Few outsiders ever see the glaciers. The mountains sit in a rebel-held area in Central Papua Province, on the island of New Guinea, Indonesia’s easternmost territory. It’s so dangerous there that Indonesia has banned hiking to the peaks. The U.S. State Department warns Americans against travel to the region because of civil unrest (one of the suggestions, if someone takes the risk: Appoint a family member as a point of contact in case you’re taken hostage).
To reach the glaciers, Thymann had to wait for days for the conditions to be right for a helicopter to fly up the mountain. When he arrived, along with guides and armed guards, he saw one of the rare glaciers—not far from humid rainforests and beaches, but at an altitude so high that the area has historically stayed below freezing. Now, the ice is melting quickly because of climate change, an accelerated version of the process that’s happening to glaciers around the world.

Between 1980 and 2024, as the planet heated up, the glaciers in the area lost 97% of their ice cover.

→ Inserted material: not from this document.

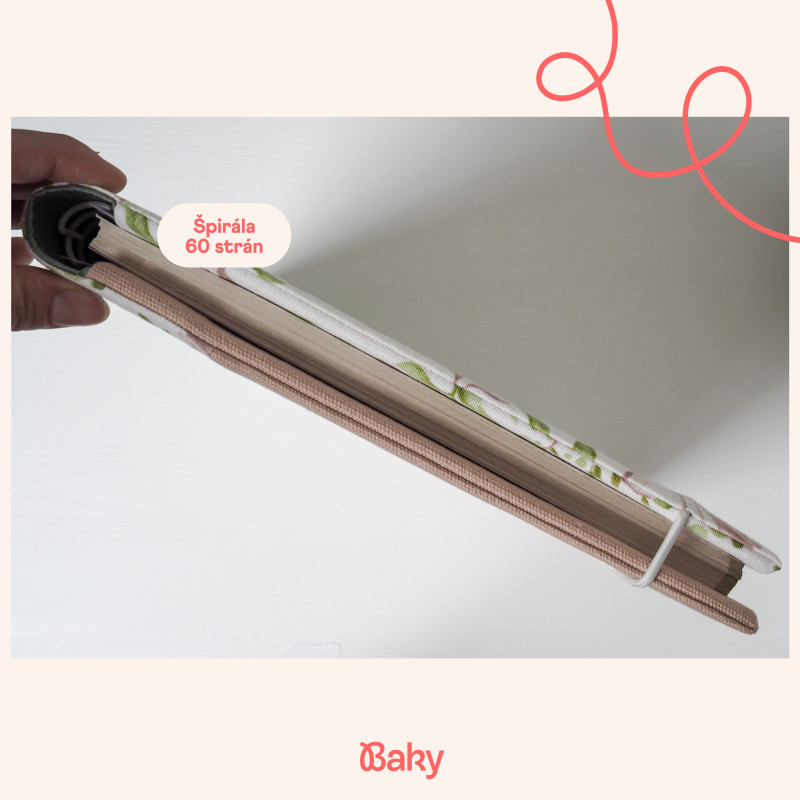 Každý kus je ručně vyráběný v malé rodinné dílně na Slovensku, takže se může v drobných detailech lehce lišit. Zapínání na gumičku drží album hezky zavřené a pomáhá mu udržet tvar i ve chvíli, kdy je plný fotek a vzpomínek.

They once sprawled over an area about twice the size of Central Park. By 2024, the total area was smaller than Grand Central Station. Four out of the original six glaciers have disappeared. The last two are expected to disappear by 2030.

Thymann used drones to photograph the mountain “from every conceivable angle,” he says, later using software to stitch together overlapping images to create a 3D model of the site and one of the glaciers, called the East Northwall Firn, which has split into three parts as it melts. Because of heavy cloud cover in the area—it rains 300 days a year—it’s difficult to accurately map the glacier using satellite images. Geolocation technology from a company called Trimble helped map the site in centimeter-level detail. Thymann, who has a nonprofit called Project Pressure that uses art, science, and activism to track environmental change, previously used a similar process to document other tropical ice in South America and East Africa.

The data from the Indonesian mountain is open source so scientists can use it to track the ecosystem as it changes. But it’s also a record of an important cultural site. “For locals, they’re called the ‘eternity’ glaciers,” says Thymann. “Now they’re becoming extinct. Maybe it’s a good thing for future generations to have a visual reference of what they look like.”